Working with Presolve
The Optimizer provides a number of algorithms for simplifying a problem prior to the optimization process. This elaborate collection of procedures, known as presolve, can often greatly improve the Optimizer's performance by modifying the problem matrix, making it easier to solve. The presolve algorithms identify and remove redundant rows and columns, reducing the size of the matrix, for which reason most users will find it a helpful tool in reducing solution times. However, presolve is included as an option and can be disabled if not required by setting the PRESOLVE control to 0. Usually this is set to 1 and presolve is called by default.
For some users the presolve routines can result in confusion since a problem viewed in its presolved form will look very different to the original model. Under standard use of the Optimizer this may cause no difficulty. On a few occasions, however, if errors occur or if a user tries to access additional properties of the matrix for certain types of problem, the presolved values may be returned instead. In this section we provide a few notes on how such confusion may be best avoided. If you are unsure if the matrix is in a presolved state or not, check the PRESOLVESTATE attribute
It is important to note that when solving a problem with presolve on, the Optimizer will take a copy of the matrix and modify the copy. The original matrix is therefore preserved, but will be inaccessible to the user while the presolved problem exists. Following optimization, the whole matrix is automatically postsolved to recover a solution to the original problem and restoring the original matrix. Consequently, either before or after, but not during, a completed optimization run, the full matrix may be viewed and altered as described above, being in its original form.
A problem might be left in a presolved state if the solve was interrupted, for example due to the Ctrl–C key combination, or if a time limit (set by MAXTIME) was reached. In such a case, the matrix can always be returned to its original state by calling XPRSpostsolve (POSTSOLVE). If the matrix is already in the original state then XPRSpostsolve (POSTSOLVE) will return without doing anything.
While a problem is in a presolved state it is not possible to make any modifications to it, such as adding rows or columns. The problem must first be returned to its original state by calling XPRSpostsolve before it can be changed.
(Mixed) Integer Programming Problems
If a model contains global entities, integer presolve methods such as bound tightening and coefficient tightening are applied to tighten the LP relaxation. As a simple example of this might be if the matrix has a binary variable x and one of the constraints of the matrix is x≤0.2. It follows that x can be fixed at zero since it can never take the value 1. If presolve uses the global entities to alter the matrix in this way, then the LP relaxation is said to have been tightened. For Console users, notice of this is sent to the screen; for library users it may be sent to a callback function, or printed to the log file if one has been set up. In such circumstances, the optimal objective function value of the LP relaxation for a presolved matrix may be different from that for the unpresolved matrix.

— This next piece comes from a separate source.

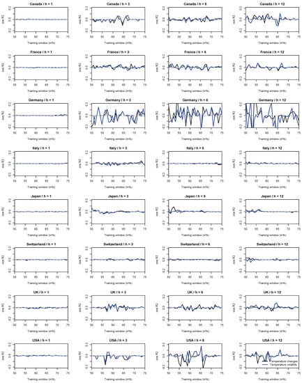 While cross-validating the shrinkage parameter introduces a certain degree of random variability into the results, the results reported in Figure 3 make it clear that the evidence of in-sample predictability does not carry over to our out-of-sample forecasting exercise. The out-of-sample statistic either hovers around zero (for example, for ) or exhibits large and unsystematic fluctuations (for example, in the case of Germany), implying that it is sensitive to the choice of the out-of-sample period. Importantly, there are no signs for any country/forecast-horizon configuration that the out-of-sample statistic consistently assumes positive values. Hence, we find that the climate predictors do not systematically contain incremental predictive value for subsequent stock market returns not already contained by the predictors used by the benchmark model.
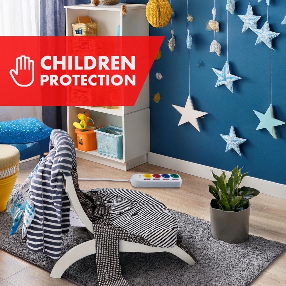 Listwa zasilająca Maclean MCE508 to praktyczne urządzenie, które umożliwia podłączenie czterech pełnowymiarowych wtyczek oraz ładowanie urządzeń przez dwa porty USB (A i C). Każde z gniazd posiada osobny, podświetlany wyłącznik, co pozwala na indywidualne zarządzanie zasilaniem. Dzięki temu, możesz wyłączyć zasilanie dla konkretnego urządzenia bez odłączania go od listwy, co jest niezwykle wygodne i oszczędza energię. Listwa wyposażona jest w zabezpieczenie przed dziećmi, zapewniając bezpieczeństwo użytkowania w miejscach, gdzie przebywają najmłodsi.

The strict LP solution to a model with global entities can be obtained by calling the XPRSlpoptimize (LPOPTIMIZE) command. This removes the global constraints from the variables, preventing the LP relaxation from being tightened and solves the resulting matrix. In the example above, x would not be fixed at 0, but allowed to range between 0 and 0.2.
When XPRSmipoptimize (GLOBAL) finds an integer solution, it is postsolved and saved in memory. The solution can be read with the XPRSgetmipsol function. A permanent copy can be saved to a solution file by calling XPRSwritebinsol (WRITEBINSOL), or XPRSwriteslxsol (WRITESLXSOL) for a simpler text file. This can be retrieved later by calling XPRSreadbinsol (READBINSOL) or XPRSreadslxsol (READSLXSOL), respectively.
After calling XPRSmipoptimize (MIPOPTIMIZE), the matrix will be postsolved whenever the MIP search has completed. If the MIP search hasn't completed the matrix can be postsolved by calling the XPRSpostsolve (POSTSOLVE) function.